= SUPPLIED RECORDS =
################

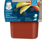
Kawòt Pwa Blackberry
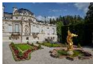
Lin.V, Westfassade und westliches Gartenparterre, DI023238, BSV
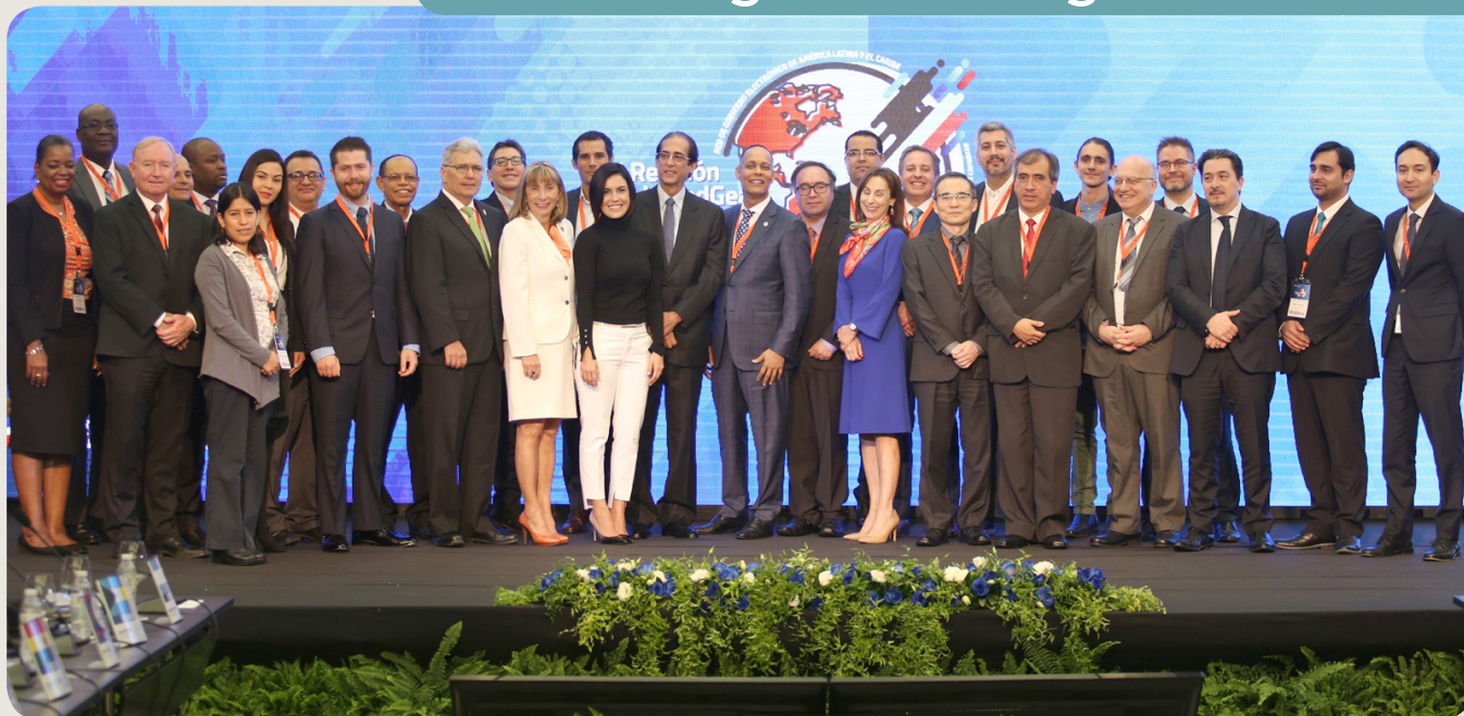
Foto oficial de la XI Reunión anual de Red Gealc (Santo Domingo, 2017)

################

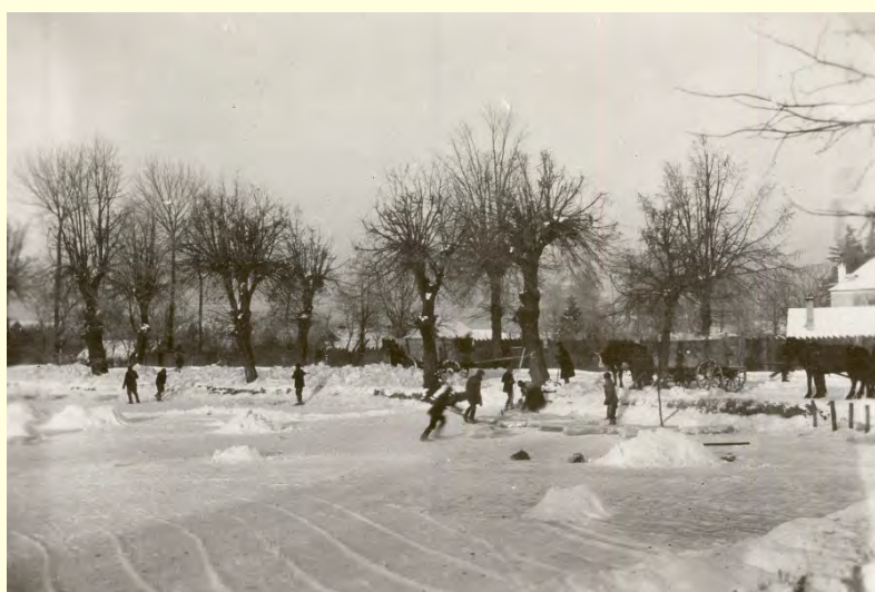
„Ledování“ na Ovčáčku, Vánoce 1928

################

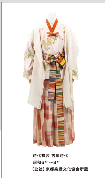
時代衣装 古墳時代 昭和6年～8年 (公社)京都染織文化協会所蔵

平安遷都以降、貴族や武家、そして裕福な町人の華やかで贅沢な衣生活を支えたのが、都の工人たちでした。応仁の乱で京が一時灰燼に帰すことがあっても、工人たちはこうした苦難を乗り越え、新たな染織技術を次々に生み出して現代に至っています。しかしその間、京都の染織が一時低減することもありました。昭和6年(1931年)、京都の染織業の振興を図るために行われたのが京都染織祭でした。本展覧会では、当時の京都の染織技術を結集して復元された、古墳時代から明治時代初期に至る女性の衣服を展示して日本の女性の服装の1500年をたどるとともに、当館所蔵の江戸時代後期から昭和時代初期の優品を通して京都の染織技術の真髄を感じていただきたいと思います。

################

= PROBLEM REQUIREMENTS =
For this exercise, reproduce exactly the lines of the records above from the one with "Lin.V, Westfassade und" up to and including the one with "Foto oficial de", without pictures.

= RESULT =
Lin.V, Westfassade und westliches Gartenparterre, DI023238, BSV
Foto oficial de la XI Reunión anual de Red Gealc (Santo Domingo, 2017)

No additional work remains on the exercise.